CD Projekt Red’s Cyberpunk 2077 continues to receive attention long after its rocky 2020 launch, thanks to steady updates, mods, and now a fresh wave of merchandise that leans into the game’s neon-soaked aesthetic. The latest addition comes from FiGGYZ, a line of pop magnet collectibles featuring pixel-art characters that magnetically attach to display backdrops. This marks the second batch of Cyberpunk 2077-themed items from the company, offering fans a small, tangible way to keep Night City on their shelves while they wait for bigger developments.
The new limited-edition figures include four characters: Viktor, Jackie, Goro, and Adam Smasher. Each magnetized pixel-art piece is priced individually around $15, or the full set can be bundled for roughly $55. FiGGYZ has built a growing catalog of similar collectibles drawn from various games and franchises, including The Witcher series, Banjo-Kazooie, Silent Hill, and others. For collectors who enjoy display-friendly, stylized merch inspired by the gritty alleys and glowing streets of Cyberpunk 2077, these pieces provide a compact and relatively affordable option.
Time to chrome up, choom! Orders for Cyberpunk 2077 FiGGYZ Wave 2 are live right now! Build your Night City legend with Viktor, Jackie, Goro, and Adam Smasher in vibrant pixel art form. These FiGGYZ snap magnetically onto backdrops inspired by the neon streets and gritty alleys… pic.twitter.com/4IQtbmVWXE
— FiGGYZ (@FiGGYZOfficial) April 8, 2026
The timing of the release feels deliberate. With a full sequel, internally known as Project Orion, officially confirmed but still years away, CD Projekt Red’s immediate focus remains on The Witcher 4. That leaves Cyberpunk 2077 fans filling the gap with whatever keeps the world alive: graphic mode enhancements for the PS5 Pro, community mods, new comics, and now these collectibles. It is a familiar pattern for long-running franchises—keeping the fanbase engaged through smaller drops rather than major new content.
Details on Project Orion remain sparse. Fan speculation points toward a setting roughly in the 2080s, with some theories suggesting a shift away from Night City to somewhere like Chicago. None of that has been confirmed by the studio. For now, the original game, patched and expanded over the years, still serves as the main entry point into the universe. Its open-world design, moral choices, and cybernetic upgrades have aged into a more stable experience than many expected at launch, though it never fully escaped the shadow of its troubled debut.

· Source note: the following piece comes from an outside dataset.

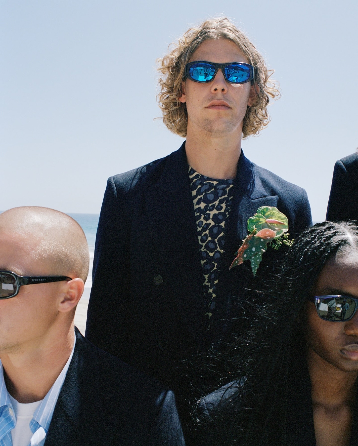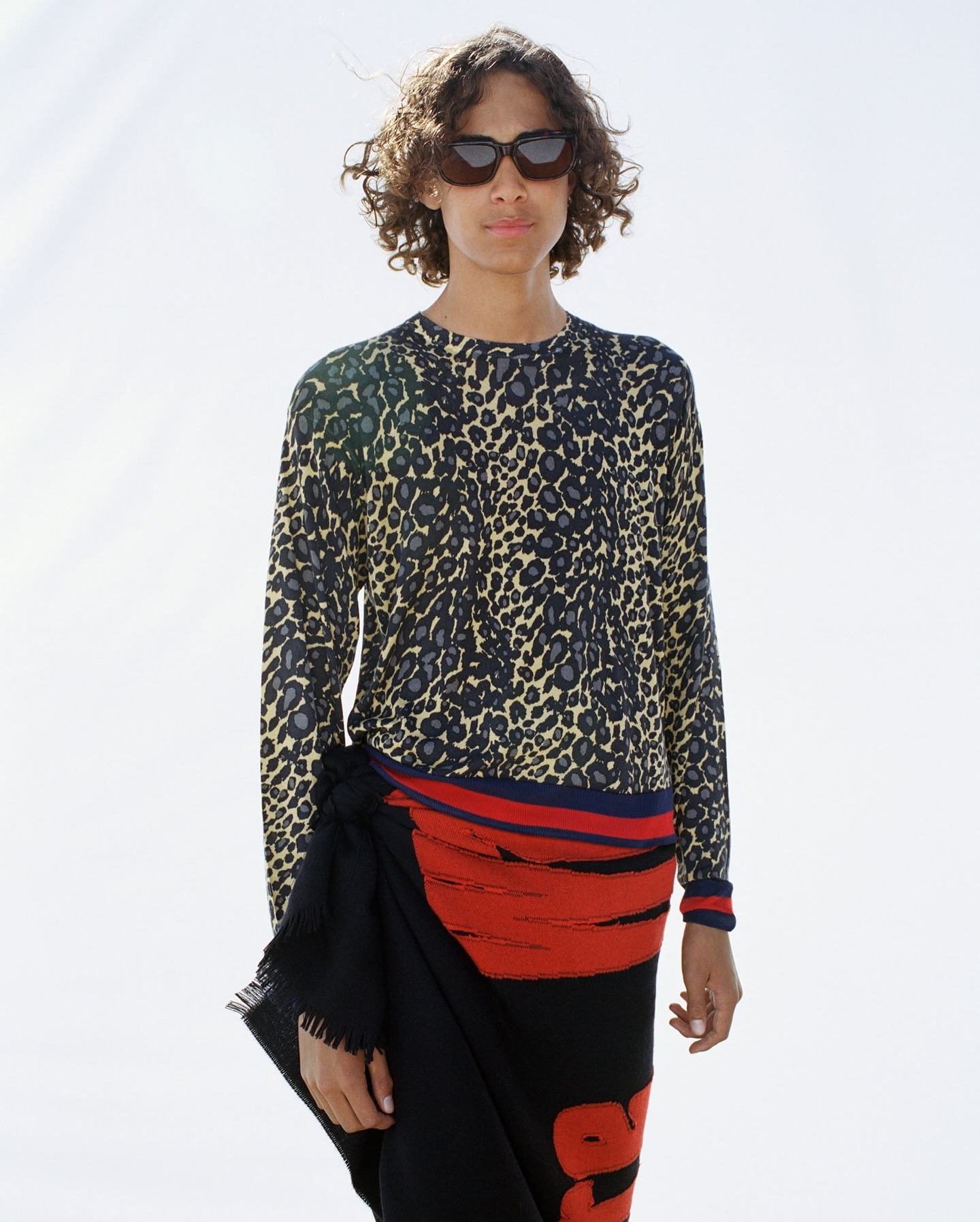 📌키 아이템 ▪️비치와 프레피의 만남으로 깔끔한 셔츠와 재킷에 레오파드, 스터드, 프린지를 얹어 단정함과 거침을 동시에 표현 ▪️로로 피아나의 울 소재롤 사용하여 접근이 용이한 세련미를 목표로 한 믹스 매치를 담아냄 ▪️서핑을 떠오르게 하는 네오프렌 소재로 제작된 후디를 도심적으로 전환한 아이템 추가

The FiGGYZ collectibles will likely appeal most to dedicated players who want physical reminders of their favorite fixers, mercs, and villains. They are not a substitute for new gameplay or story, but they do reflect how Cyberpunk 2077 has managed to sustain interest well into 2026 through a mix of official support and fan-driven extensions. Whether that momentum can carry over to a sequel that meets the heightened expectations built over half a decade is another question entirely.
In the meantime, these small merchandise releases serve as quiet reminders that Night City never really went away. They offer a low-stakes way for chooms to show their loyalty while the larger future of the franchise slowly takes shape behind closed doors at CD Projekt Red.